Sempre achei estranho o fato de muitos jornalistas esportivos brasileiros desprezarem estratégias mais defensivas no futebol. Essa maneira de pensar é complexa e tem várias nuances, talvez merecendo uma abordagem aprofundada, que poderia resultar em um futuro artigo sobre o que parece ser um viés irracional.
Não se pode verdadeiramente apreciar a beleza do jogo ofensivo sem uma sólida base defensiva para desafiá-la. Tanto a defesa quanto o ataque são, evidentemente, componentes essenciais do jogo. Eles devem funcionar em conjunto e harmonicamente, se reforçando mutuamente.

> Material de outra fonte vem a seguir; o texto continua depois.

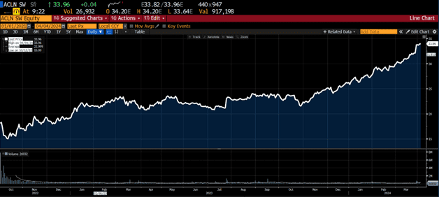 When we invested in Accelleron about 1.5 years ago in conjunction with it becoming its own public company, it was precisely the predictability that we liked and it has always been a core holding since then. Since then, the company has performed above the market's expectations while profit multiples have risen by over 50%. Overall, this has seen the share price more than double since our initial investment. Even if we do not believe in an equally strong development going forward, we believe that the share will do better than the stock market. In March, the share rose by a further 13%.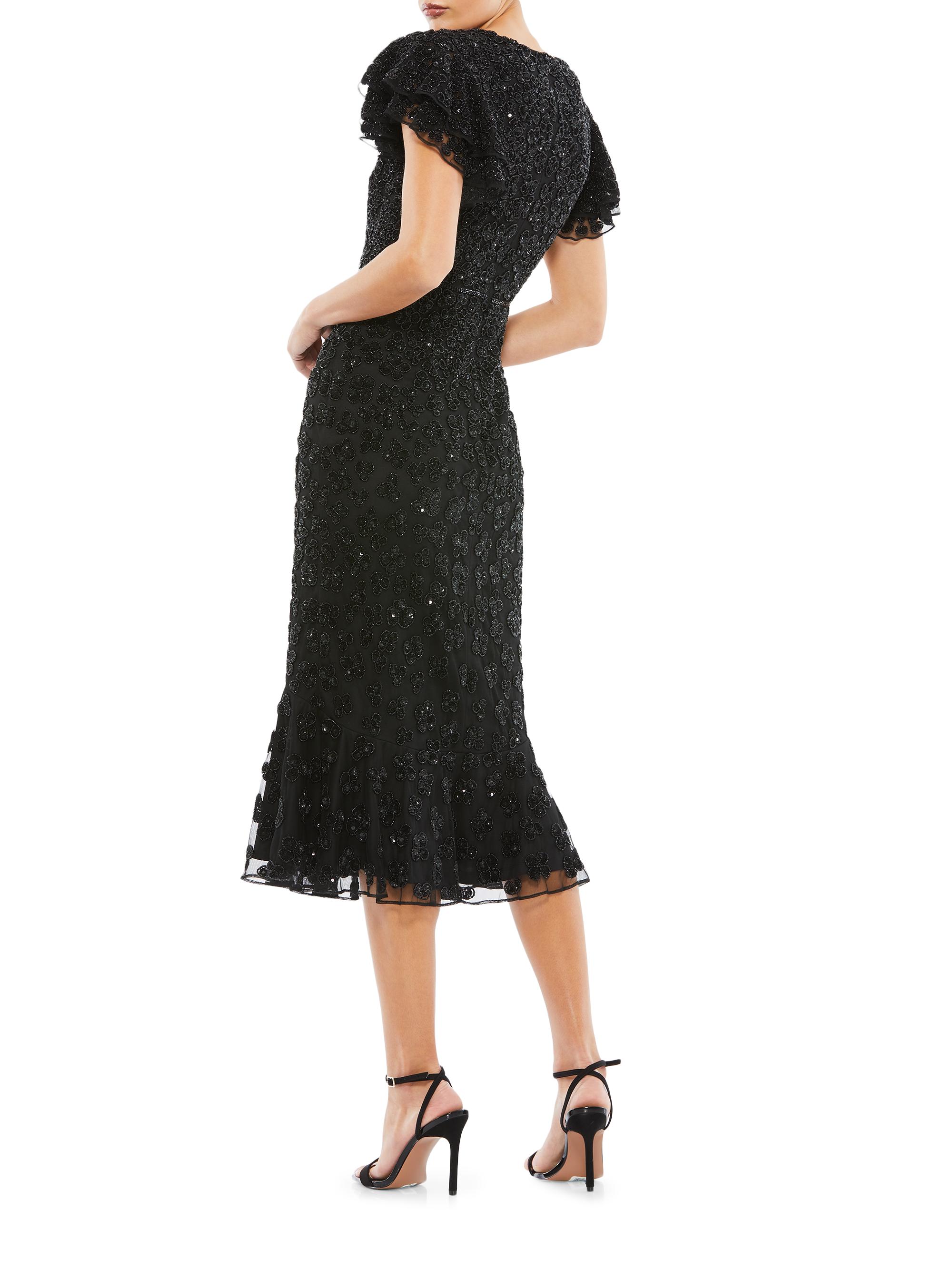 Mac Duggal Flutter Sleeve Beaded Midi Dress BLACK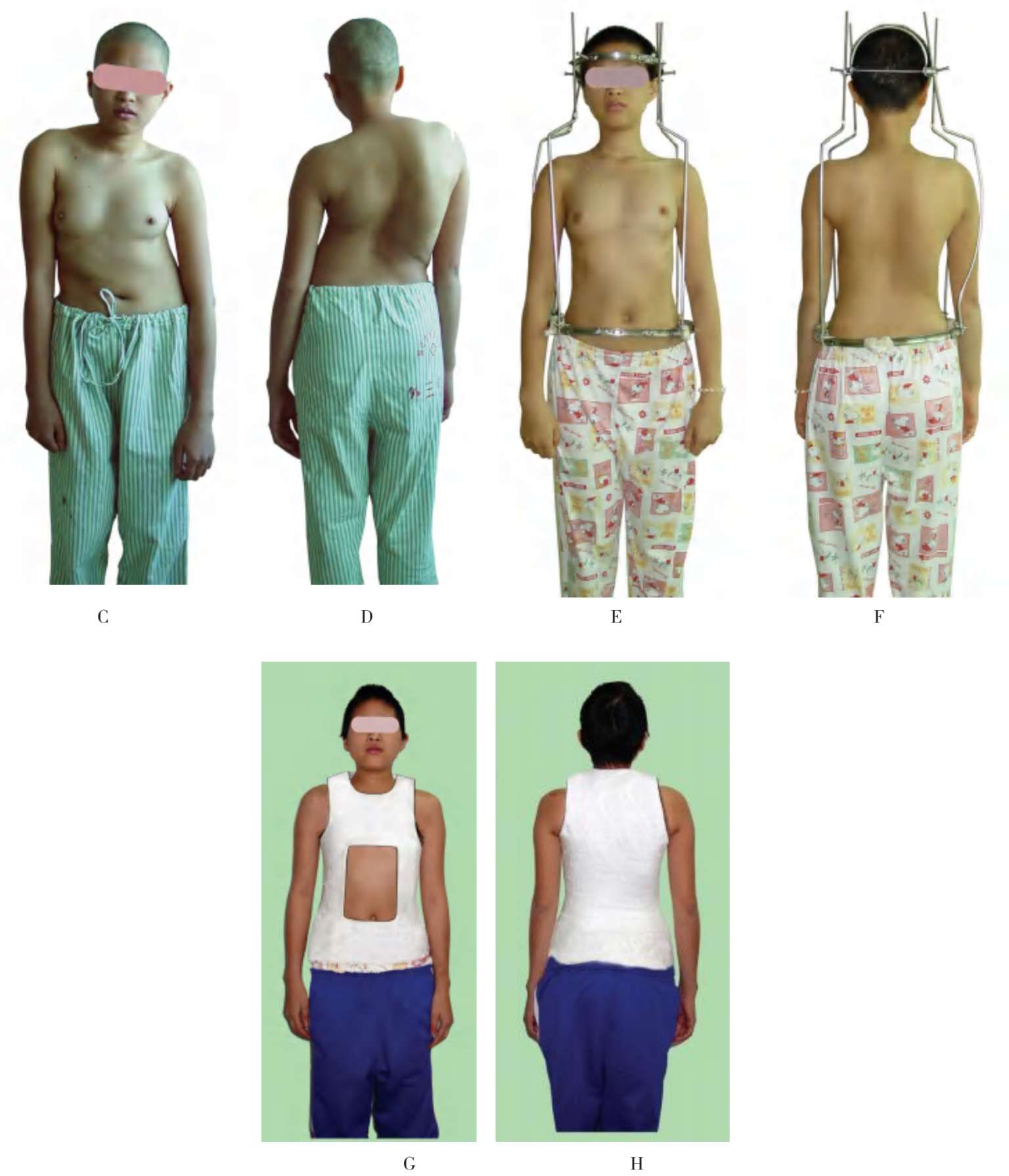 A.术前X线片示Cobb’s角104°;B.经颅盆牵引加弹性分叉生长棒矫正术后Cobb’s角变为20°;C、D.术前人体外形;E、F.颅盆牵引后人体外形;G.术后石膏背心外固定,正面观;H.背面观

O escárnio dirigido no Brasil por muitos “analistas” a partidas em que um dos times adota uma postura solidamente defensiva, beira o absurdo, revelando um profundo mal-entendido sobre a dinâmica do jogo.

Talvez se deva atribuir essa obsessão à influência da Seleção Brasileira, tricampeã no México, em 1970, que deslumbrou o mundo com seu futebol ofensivo e tecnicamente brilhante. Aquela equipe brasileira era completa em todos os elementos do jogo. Mas não podemos esquecer que, ao mesmo tempo, aquele time apresentava um vigoroso jogo defensivo e de forte combate, em todos os setores do campo.

A Seleção Brasileira prosperou nesse aspecto durante o período em que o programa de preparação física tinha forte influência de Cláudio Coutinho, então Capitão do Exército, formado pela Escola de Educação Física do Exército e, futuramente, um técnico de grandes predicados.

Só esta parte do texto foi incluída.